__EXERCISE__
Starting with the opening line of the entries below, transcribe each line exactly up to and including the one that has "Накладной настенный светильник"; pictures are not copied.

[Collected data entries]
:::

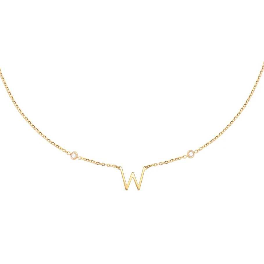 Collier fin composé de la lettre W et de deux oxydes de zirconium. Longueur: 42cm
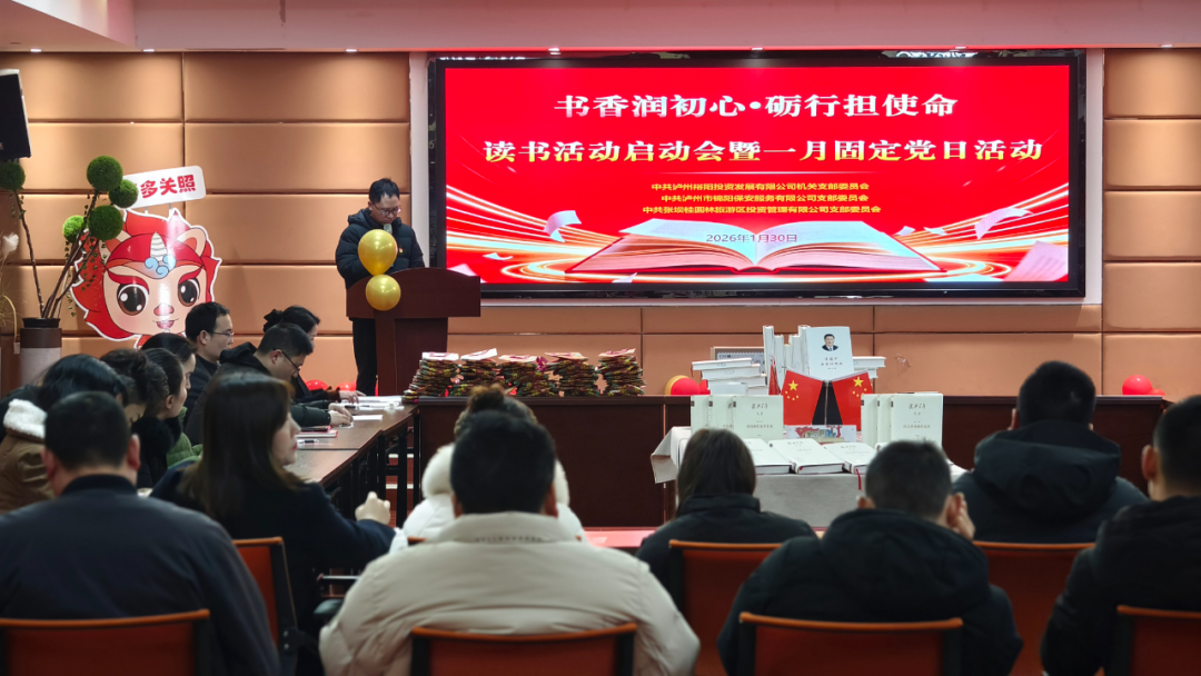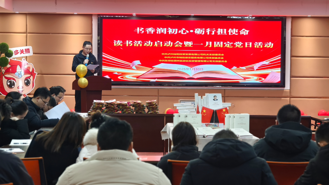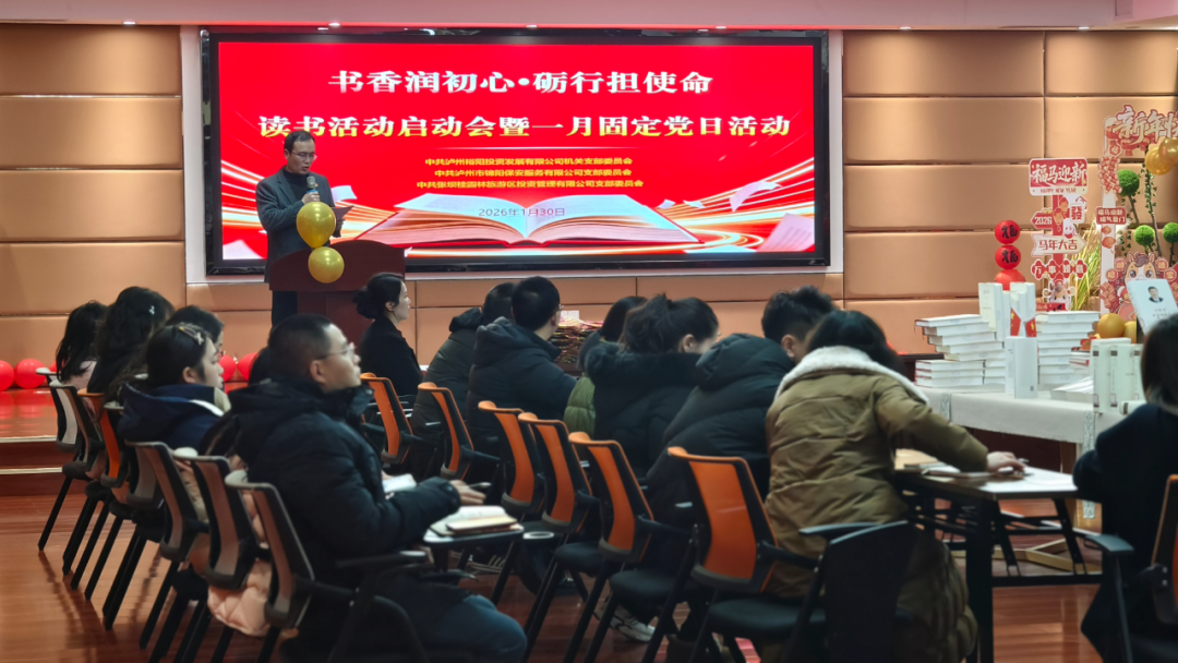 为深入推进学习型党组织建设,引导广大党员在阅读中坚定理想信念、提升履职能力,1月30日下午,中共泸州裕阳投资发展有限公司机关支部委员会、中共泸州市锦阳保安服务有限公司支部委员会、中共张坝桂圆林旅游区投资管理有限公司支部委员会,于江阳区图书馆联合举办“书香润初心·砺行担使命”读书活动启动仪式。
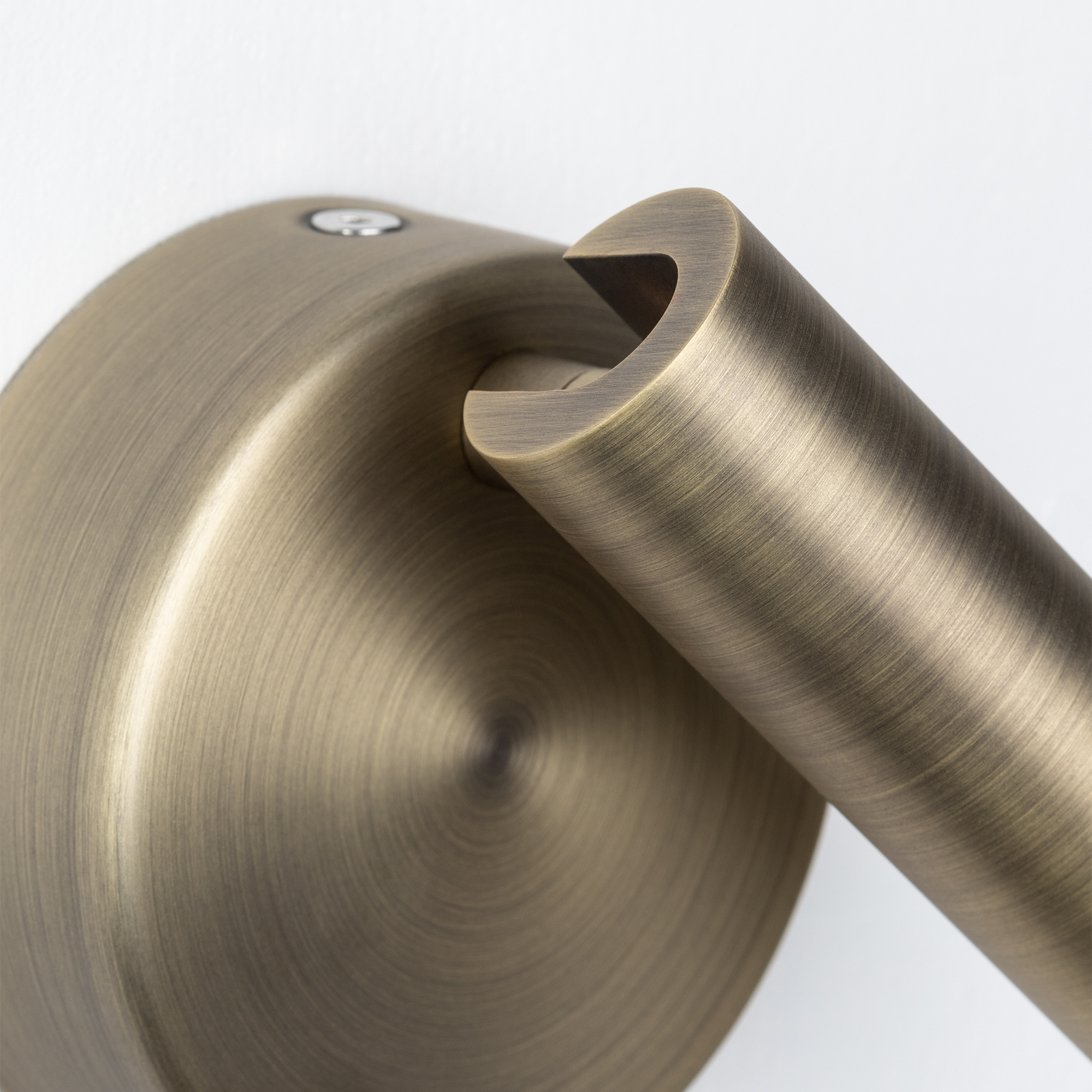 Накладной настенный светильник 3Вт, алюминиевый корпус в бронзовом цвете без кнопки включения. Цвет ТЕПЛЫЙ БЕЛЫЙ 3000K, св.поток 200лм, CRI(Ra)>80, угол 20°. Размер Основание Ф90x31мм, Светоизлучатель Ø30×110 мм. IP20. Питание AC220-240V, 3Вт, встроенный драйвер 2,5-4,5В, 700 мА.
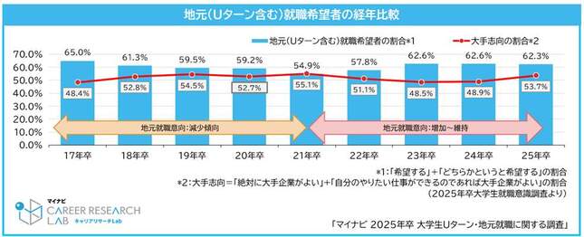 2025年卒の学生を対象とした調査で「地元就職希望」と答えた人が62.3%を占めた。地元(Uターン含む)就職希望者は2017年卒の65.0%から減少を続け、2021年卒では54.9%まで落ち込んでいた。
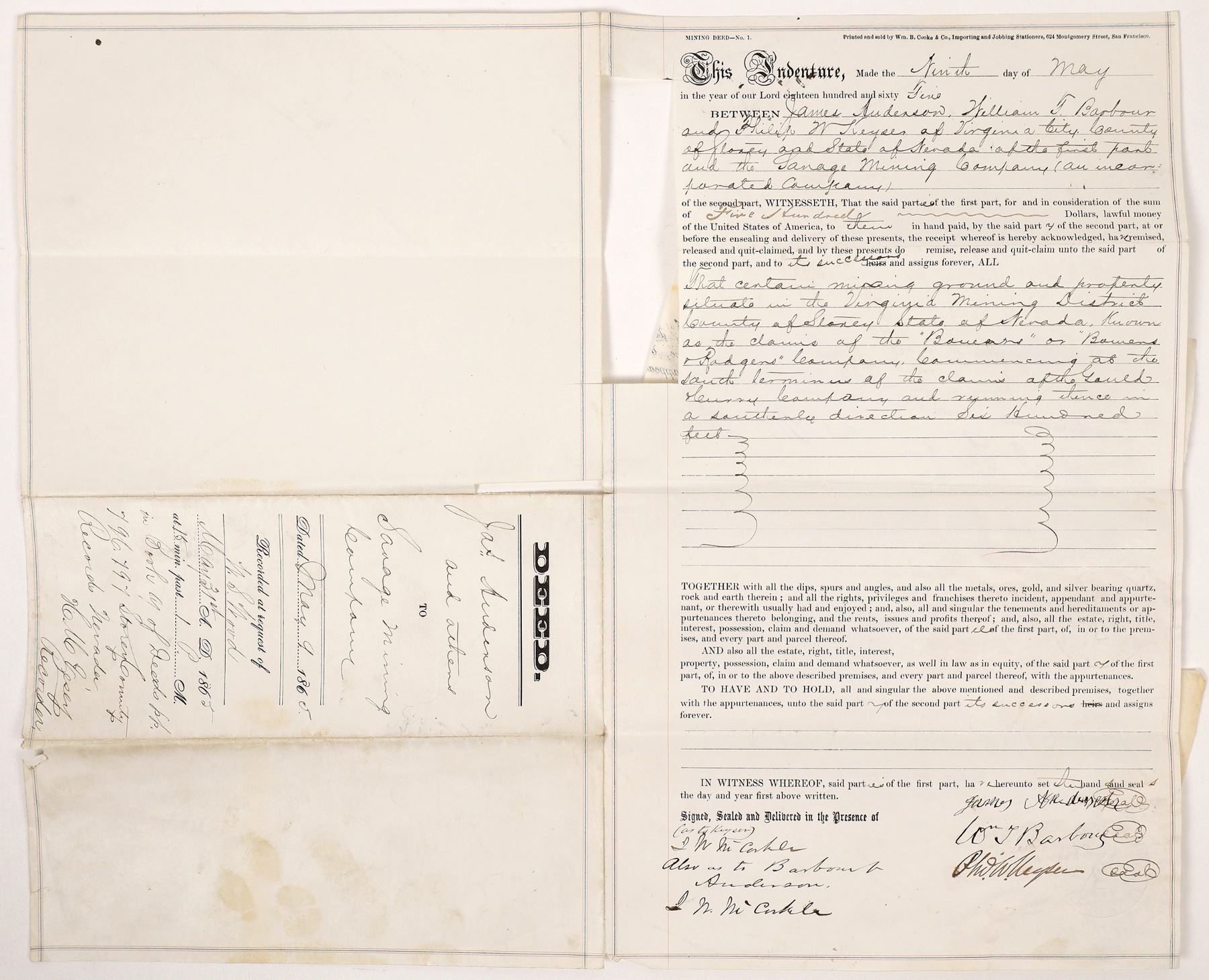 Rare mining deed between James Anderson, William T. Barboun, Philip W. Keyes (who purchased the claim from Sandy Bowers and James Rodgers) and the Savage Mining Co. for the 600 foot claims known as Bowers and Rogers for $500. Stamps cut out. 8.5 x14" Lemuel Sanford (Sandy) Bowers was one of the townÌs early arrivals in 1857 first running a boarding house further south in Gold Canyon for the placer miners. He purchased a number of claims but the most profitable was a ten foot strip being part of the Little Gold Hill Mines. On August 9, 1859, Eilley Orrum and Sandy Bowers joined their mining claims and married in Gold Hill. One of the richest mines in bothSilver and Gold, the couple built a mansion in Washoe, now a museum. Virginia City Nevada 1865
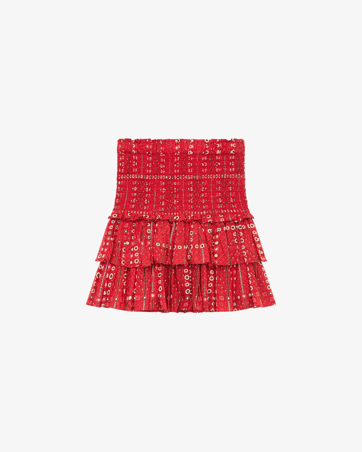 Skirt in printed smocked cotton voile Elastic waist Rows of frills Cotton lining Cropped with a high waist Style: JU0022FAC1J19E70RD NAOMI 100% cotton
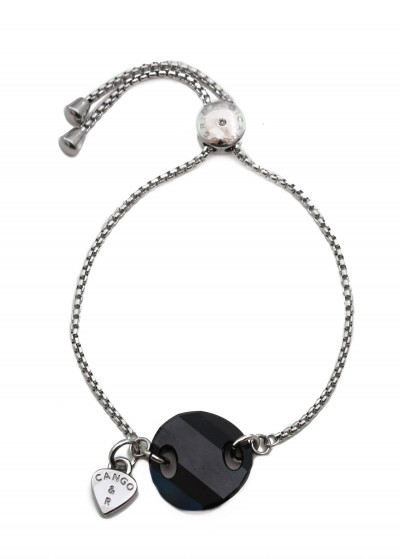 PLAN07K-es cikkszámú Cango&Rinaldi - PLANET COLLECTION - karkötő ezüst színű láncból. A karkötőn egy különleges csiszolású 18*18 mm-es fekete (jet) színű kristály található egy Cango&R feilratos charm-al díszítve. A karlánc márkajelzett fém zárral 220 mm-ig bármilyen méretben állítható. A charm-on lévő Cango&R feliratos gravírozás jelöli a brand eredetiséget és minőségét.
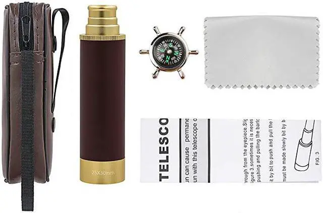Package Includes: Collapsible Pirate Telescope*1 Compass*1 Lens Cloth*1 Leatherette Case*1 User Manual*1
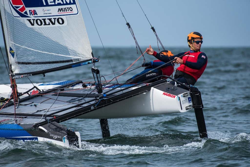 Despite sailing in the Nacra together for 5 years, top Norwegians Nicholas Martinsen and Martine Mortensen were all smiles when they found out they’d not only made their first Gold Fleet at Europeans, but they’d made it comfortably, in 20th place. “It’s great to finally get some results, to be up there,” said Mortensen. Martinsen said they’d made big changes to their campaign this winter, and they are really making a difference. “For the first years we were all by ourselves with no partners or coaches,” he explained. “We now have some support from Norway Sailing Federation, and the coach they provided is really helping our game out.” Martinsen also said that their winter training camp with a number of other teams in Cagliari, Sardinia helped their game as well. “Winter was lots of racing, lots of boathandling, lots of starts, and lots of fun,” said Martinsen.
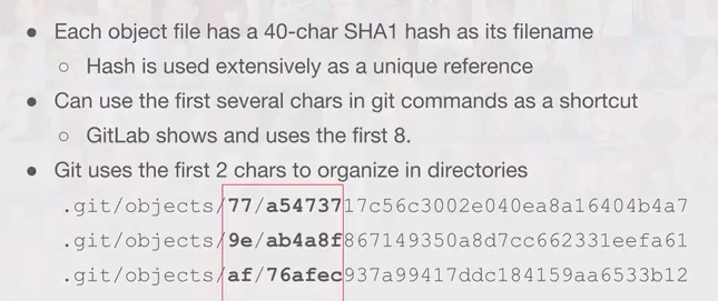 SHA1一共有40位, 前两位作为文件夹, 一般使用前八位作为shortcut (下图红色方框中).
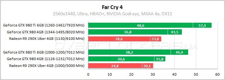Ultra-качество в сочетании с высоким качеством сглаживания ставит на колени Radeon в Far Cry 4. У GeForce GTX 980 уже приемлемые результаты, а у GeForce GTX 980 Ti еще выше. Разница между товарищами NVIDIA на уровне 25–30%. Производительность разогнанного GeForce GTX 980 приближается к уровню GeForce GTX 980 Ti, но все еще чуть ниже. Последний от повышения своих частот выигрывает 23–27%.

:::

__EXERCISE OUTPUT__
 Collier fin composé de la lettre W et de deux oxydes de zirconium. Longueur: 42cm
 为深入推进学习型党组织建设,引导广大党员在阅读中坚定理想信念、提升履职能力,1月30日下午,中共泸州裕阳投资发展有限公司机关支部委员会、中共泸州市锦阳保安服务有限公司支部委员会、中共张坝桂圆林旅游区投资管理有限公司支部委员会,于江阳区图书馆联合举办“书香润初心·砺行担使命”读书活动启动仪式。
 Накладной настенный светильник 3Вт, алюминиевый корпус в бронзовом цвете без кнопки включения. Цвет ТЕПЛЫЙ БЕЛЫЙ 3000K, св.поток 200лм, CRI(Ra)>80, угол 20°. Размер Основание Ф90x31мм, Светоизлучатель Ø30×110 мм. IP20. Питание AC220-240V, 3Вт, встроенный драйвер 2,5-4,5В, 700 мА.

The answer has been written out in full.